Proving, once again... 
Reading is fundamental. 
Sorry, guess the eye to brain link was on the fritz. 
Have not seen any previous posts about a bad lot of scrubbies. 
At a little over $30 invested, I wouldn`t hesitate to start swapping them out.


----------



## Morwell (Feb 13, 2009)

I've been thinking about switiching to bioballs. If I do, what would be the recommended way of doing so? Removing say, 1/4 of the scrubbies weekly and replacing them with the bioballs until they are are gone? Or do you think I could do it in less time?

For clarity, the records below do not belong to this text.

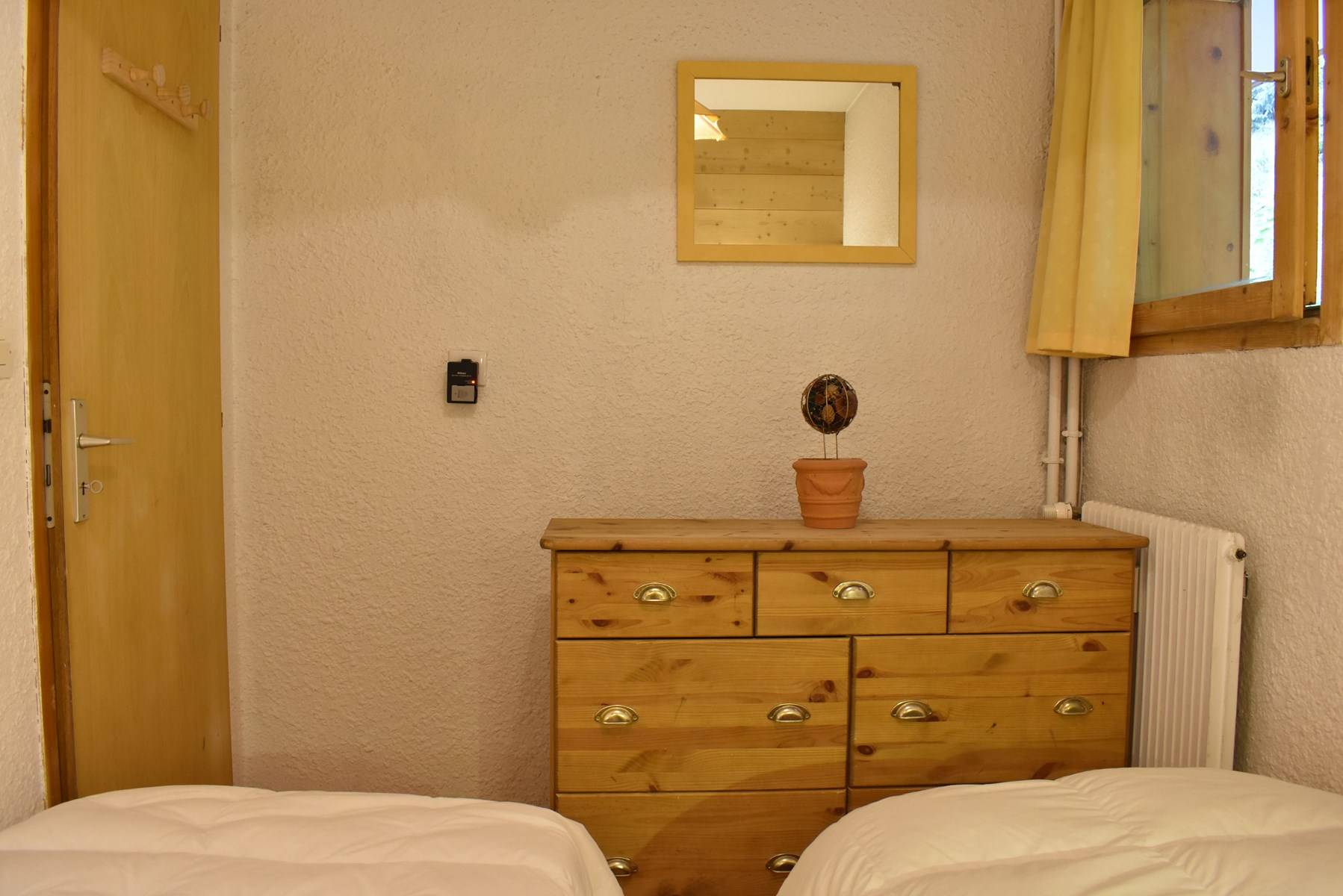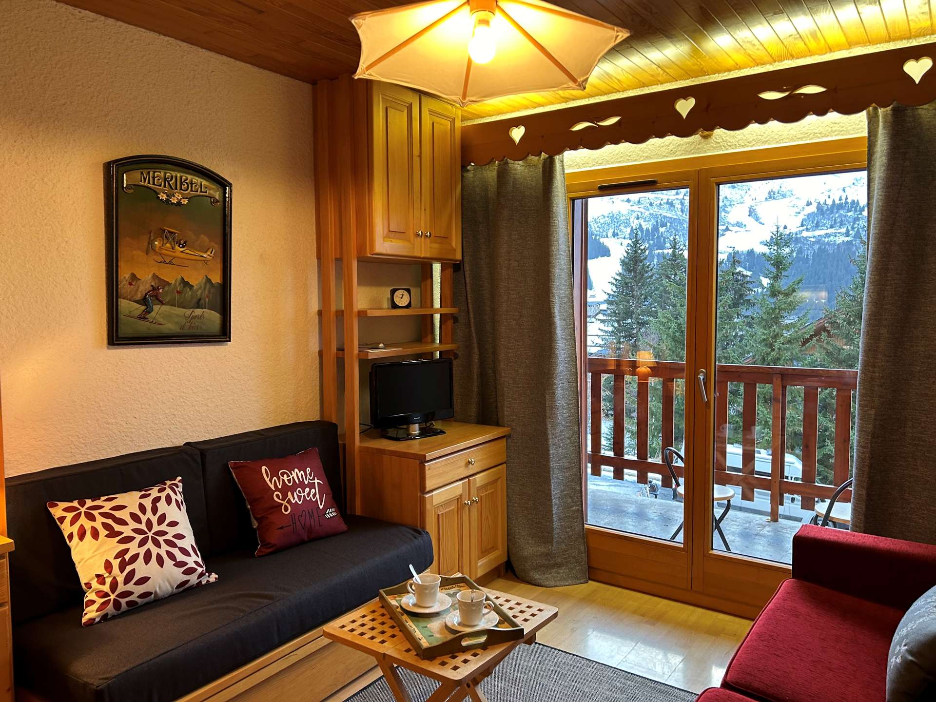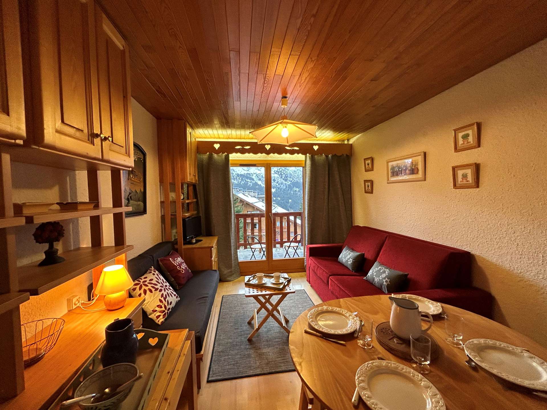 This apartment in the snow, located on the 1st floor of the residence, with lift, includes 1 kitchen open to the living room with a dining area, 1 sofa bed 160, 1 television, 1 bathroom, 1 separate toilet and 1 bedroom with 2 single beds.
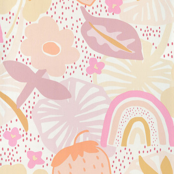 Pestrobarevná dětská vliesová tapeta na zeď - dětská malba, květiny, listy, jahody, duha. Tapeta má látkovou texturu.
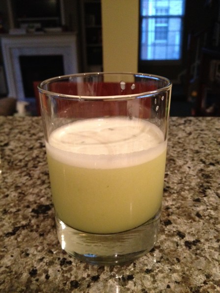 1 1/2 oz. Bulleit Rye 3/4 oz. lemon juice 1/2 oz. strawberry simple syrup 1/2 oz. Lucid Absinthe 2 dash Angostura bittersShook all but the bitters with ice. Double strained into a glass. I think I’d like this better with a little less absinthe, although it grew on me…anise taste at the front, finishes with the strawberry.
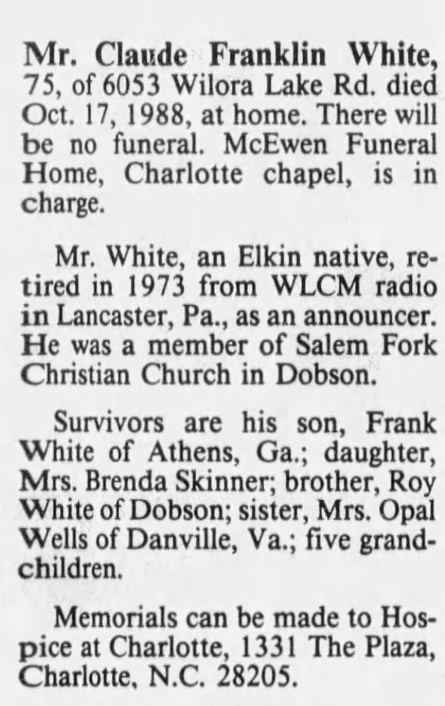 WCVA 1954–58; WDNE Elkins WV 1960; Civil Aeronautics Administration |
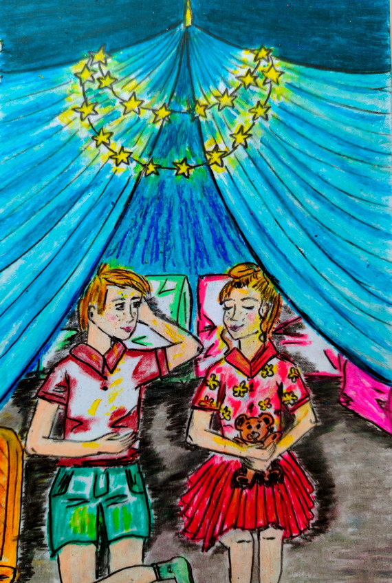 А на втором этаже дома, в детской комнате, брат с сестрой соорудили из большой белой простыни домик – палатку. Они перекинули простынь через верёвку, протянутую от стены к стене. Внутри домика дети повесили гирлянду в виде маленьких звёздочек. И устроившись на мягких подушках, смотрели на светящиеся тёплым жёлтым светом звёзды, представляя, что те настоящие.
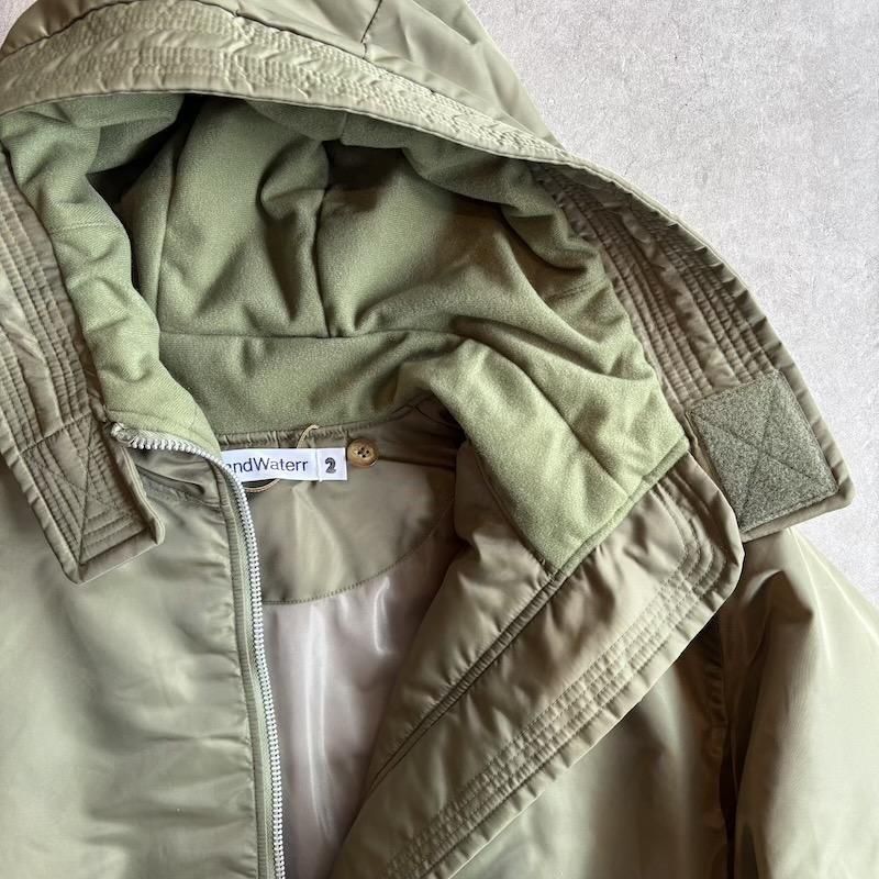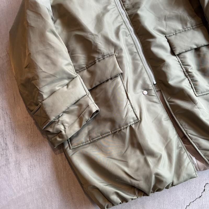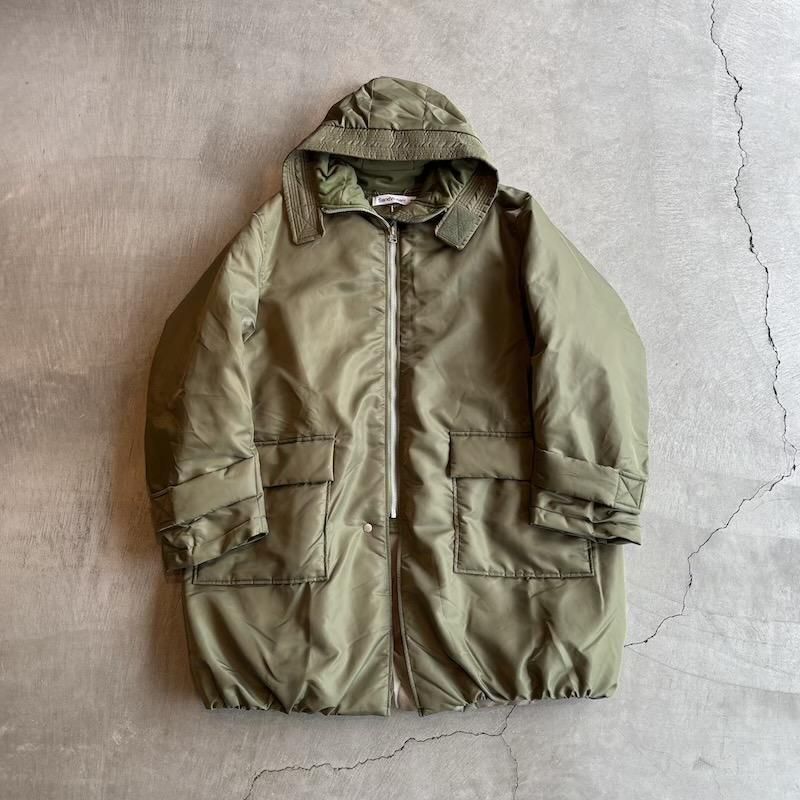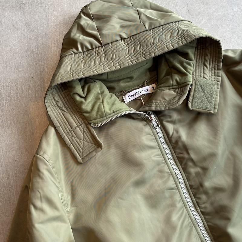 ミリタリーで採用されている肉厚でタフなナイロンサテン生地を使用。程よい光沢感とヴィンテージライクな風合いが特徴的です。スコープ状のフードと見頃、袖のシルエットがミリタリーウェアをインスパイアしたデザインになります。再生繊維から織られている裏地は制電性、ストレッチ性に優れています。ワンウォッシュ加工を施しております。
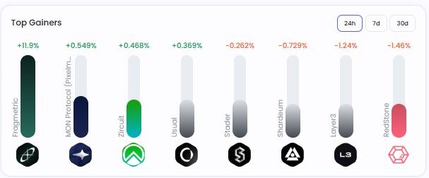 24시간 기준 상승 종목은 ▲프랙메트릭(+11.9%) ▲리졸브(–1.23%) ▲퓨얼네트워크(–4.67%) ▲실렌시오(–5.24%) ▲콘(–5.79%) 순으로 나타났다.
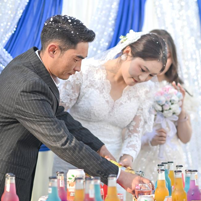 傍晚,在年轻亲友的簇拥下,这对新人在特克斯河边的太极岛森林公园举行户外婚礼仪式。孔吐斯换上白色婚纱,布开汗换上黑色西装。仪式上,孔吐斯和布开汗喝交杯酒、喷洒香槟、与亲朋好友共舞、互动游戏,热烈精彩的氛围吸引了不少游客围观。
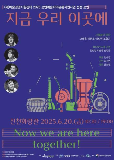 [무한뉴스=정민정 기자] 충북 진천군은 진천 화랑관에서 사물놀이 땀띠의 ‘우리 지금 이곳에’ 국악 공연을 오는 20일 개최한다고 10일 밝혔다.
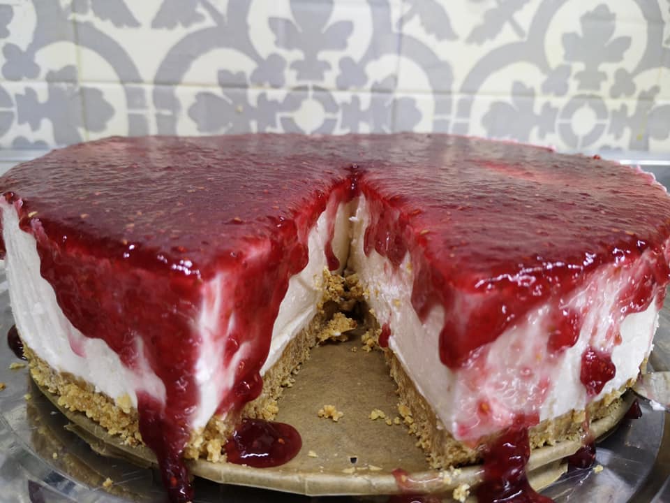 Αχ, τι υπέροχο cheesecake με μαρμελάδα φράουλα!
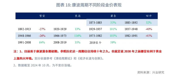 党的二十大报告“我国发展进入战略机遇和风险挑战并存、不确定难预料因素增多的时期”,准确刻画了当前宏观大环境的变化。全球经济自2019年起开始进入康波萧条期,即新旧技术交替时期,这一周期往往持续十余年之久,也就是说可能要到2030年左右康波萧条期才会结束。康波萧条期的典型特征是:该轮技术周期中的代表技术对于全球经济增长的拉动进入瓶颈期、全球进入切存量蛋糕时代、区域动荡以及地缘政局博弈加剧,主要经济体往往会存在较为严重的债务问题,传统投资品种收益率下降。在这一时期,科技方面往往会涌现许多重要的发明或者创新,但通常只有经历较长的渗透和发展阶段,在下一个长期上升阶段开始时才能得到大规模的应用。由于超主权货币属性得以体现,金价在康波萧条期中表现亮眼,历史上康波萧条期上涨概率100%,是黄金长牛走势中的主升浪阶段。
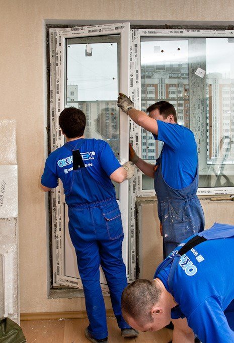 Si des produits coulissants sont installés, il est nécessaire de fixer solidement les profilés de guidage. Les vides qui restent doivent être comblés avec une barre d'assemblage. Ensuite, l'ouvrant est mis sur les charnières. Dans le dernier tour, les raccords sont installés et la poignée est ajustée.
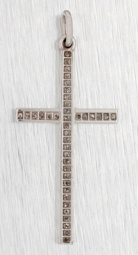 Vintage 0.10ctw Diamond Long Cross Pendant - 14k White Gold Charm
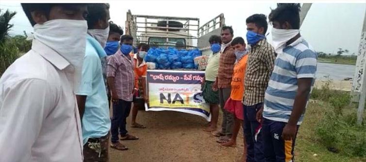 కరోనా నియంత్రణకు విధించిన లాక్డౌన్తో వలస కూలీలు తీవ్రంగా ఇబ్బందులు పడుతున్నారు. తెలుగునాట వలస కూలీల పరిస్థితి తెలుసుకున్న ఉత్తర అమెరికా తెలుగు సంఘం నాట్స్ తన వంతు సాయం చేసేందుకు ముందుకు వచ్చింది. శ్రీకాకాళం జిల్లా సంతబొమ్మాళి మండలం పెద్ద మర్రిపాడు గ్రామంలో 100 కుటుంబాలకు నాట్స్ నిత్యావసరాలను పంపిణీ చేసింది. ఇక్కడ పరిస్థితిని సెయింట్ లూయిస్ పెద్దలు, స్థానిక తెలుగు సంఘం (TAS Secretary) రమేష్ కొందముట్టి, నాట్స్ ప్రెసిడెంట్ శ్రీనివాస్ మంచికలపూడి దృష్టికి తీసుకురావడంతో ఆయన స్పందించి తన వంతు సాయం చేశారు.
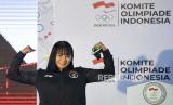 Atlet Renang Angel Gabriella Yus berpose saat peluncuran seragam Ofisial Tim Indonesia untuk Asian Games 2022 di Kantor Komite Olimpiade Indonesia (KOI) di Jakarta, Sabtu (9/9/2023). Indonesia akan mengirimkan sebanyakl 415 atlet dari 31 cabang olahraga Asian Games 2022 yang menargetkan minimal menempati 12 besar dengan perolehan 12 medali emas. (FOTO : ANTARA FOTO/M Risyal Hidayat)
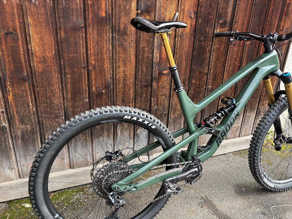 - Verkaufe mein Rennbike 2025 Preis VB, Neupreis 5200 Gewinnerbike des Schweizer Enduro Rennen (SES) Laax (siehe Bilder oder insta @beer.man.1) Radsatz/Reifen Fabrikneu (ungebraucht) Gabel von 170mm auf 180mm umgebaut inkl. komplettem Tuning durch profi Suspensioncenter. ch Wahlweise Dämpfer hinten entweder Luft (Fox Float x) oder Coil (Fox DHX2, neues Model) Grösse L (perfekt für Personen 1.70-1.90cm) 6 paar Ersatz Bremsbeläge 2x Ersatz Ausfallenden Full original specs: Rahmen: SWOOP (Gewicht: 3.150g; Material: Maximale Reifenbreite: 2.4"; Schaltauge: #8651) Rahmenmaterial: Vollcarbon Hauptrahmen / Aluminium Hinterbau Laufradgröße: 29" Anzahl Gänge: 1 x 12 Farbe: nato / deepblack Gabel: Fox 38 Factory, FIT GRIP2, Kashima, Boost (Nachlauf: 44mm) Dämpfer: Fox Float X2 Factory, 2-Pos., EVOL LV, Kashima (Einbaumaß: 230 x 65mm; Buchsenmaß: oben: 8 x 20mm / unten: 8 x 20mm) Federweg: 170mm/ 170mm Bremsen: Hayes Dominion A4 Bremsscheiben: Hayes D8, 203/203mm, 6-bolt Steuersatz: Acros Angleset, ZS44/ZS56 Vorbau: Race Face Turbine R, Ø35 (M: 40mm; L: 40mm; XL: 40mm) Lenker: Race Face SixC Carbon, 35 x 820mm, 35mm rise Griffe: SDG Thrice Sattel: SDG Bel Air V3, Lux alloy Sattelstütze: Fox Transfer Factory, Kashima, Ø31.6mm (M: 125mm Hub; L: 150mm Hub; XL: 150mm Hub) Kurbel: SRAM X1 Eagle Carbon, DUB, 30T, Boost, 170mm Tretlager/Innenlager: SRAM, DUB, BSA 73mm Schaltwerk: SRAM X01 Eagle, 12-speed Schalthebel: SRAM GX Eagle, Shiftmix Kettenführung: MRP SXg Alloy, ISCG05 Kassette: SRAM GX Eagle XG-1275, 10-52 Kette: SRAM GX Eagle Reifen vorne: Maxxis Assegai 3C, MaxxTerra, EXO+, TR, 29" x 2.5" WT Reifen hinten: Maxxis Minion DHR II 3C, Maxxterra, EXO+, TR, 29" x 2.4" WT Laufradsatz: Newmen Evolution SL A.30, 110/148mm (Maulweite: 30mm; Tubeless ready: ?; Tubeless Ventile: nicht enthalten; Tubeless Felgenband: 32-33mm, nicht enthalten; Tubeless Milch: nicht enthalten) Pedale: nicht im Lieferumfang enthalten Zulässiges Gesamtgewicht: 115 kg (Körpergewicht + Fahrrad + Ausrüstung) Gewicht Komplettrad: ab 15,10 kg
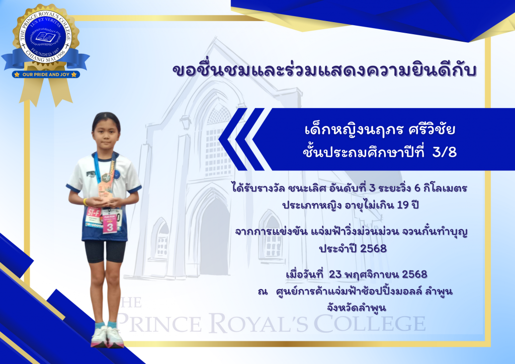 ขอชื่นชมและร่วมแสดงความยินดีกับ เด็กหญิงนฤภร ศรีวิชัย ชั้นประถมศึกษาปีที่ 3/8 ได้รับรางวัล รองชนะเลิศ อันดับที่ 1 ระยะวิ่ง 5 กิโลเมตร ประเภทหญิง อายุไม่เกิน 15 ปี จากรายการที่ไปแข่ง Technic Saraphi Run for Society 2025 “ก้าวของช่างฝีมือชน เพื่อสังคมที่แข็งแรง” ครั้งที่ 1
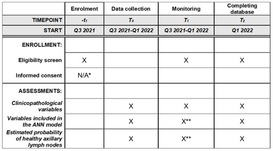 This validation study of the NILS prediction model will be a multicenter, retrospective study based on prospectively collected clinicopathological variables included in patients’ medical charts, mammograms, and pathology reports. We plan to assess the external validity and model validity of the NILS prediction model for healthy lymph nodes and evaluate the discrimination and calibration of the NILS prediction model while following the TRIPOD statement [16]. A schematic schedule of enrollment, data collection, and monitoring is provided in Figure 1. This study aims to validate the NILS prediction model, a previously published ANN-based decision-making tool that is based on retrospectively collected data at Lund University Hospital, Sweden. In agreement with TRIPOD recommendations, the data in this validation study are derived from cohorts different in both time and study sites. Thus, patients who underwent surgery for primary BC in Malmö, Sweden, in 2020 (n = 400, a temporal validation cohort) and in Helsingborg, Sweden, between 2019 and 2020 (n = 200, a geographical external validation cohort) will be identified by a national registry of cancer diagnoses, treatments, and outcomes (INCA). The data retrieved from clinical files will include age at BC diagnosis, medical history of BC, ultrasound assessment of the axilla, and clinical status of the axilla. Tumor size and localization in the breast, including laterality, multifocality, and mode of tumor detection, will be obtained from imaging assessment reports (mammography, followed by ultrasound assessment in cases of an inconclusive mammographic report). In cases where multifocality is detected by either clinical examination or any imaging modality in this study, the tumor will be considered multifocal. Tumor biology data (estrogen receptor status, progesterone receptor status, HER2 status, molecular and histopathological subtype, vascular invasion, and proliferation index Ki-67) will be obtained using preoperative core needle biopsy. Number of metastatic axillary lymph nodes will be obtained from reports of surgical pathology specimens (sentinel-node surgery and axillary dissection).

Anyway, the other day I took my whole wet dry apart and cleaned everything very well- including the scrubbies. They were washed in water drawn from the tank. The smell went away slightly. It's not as potent as it was. Though they were not really gunky at all since I have quite a large prefilter.


----------



## Mcdaphnia (Dec 16, 2003)

I don't think I'd wait to remove any of the scrubbies. I would take them all out. If they have a plastic smell, they are not going to be useful as biosubstrate and probably have very little colonization going on. Nothing to gain by leaving them in, and lots to suggest giving them the bum's rush ASAP.


----------



## BinaryWhisper (May 5, 2006)

Mcdaphnia said:


> I don't think I'd wait to remove any of the scrubbies. I would take them all out. If they have a plastic smell, they are not going to be useful as biosubstrate and probably have very little colonization going on. Nothing to gain by leaving them in, and lots to suggest giving them the bum's rush ASAP.


agreed


----------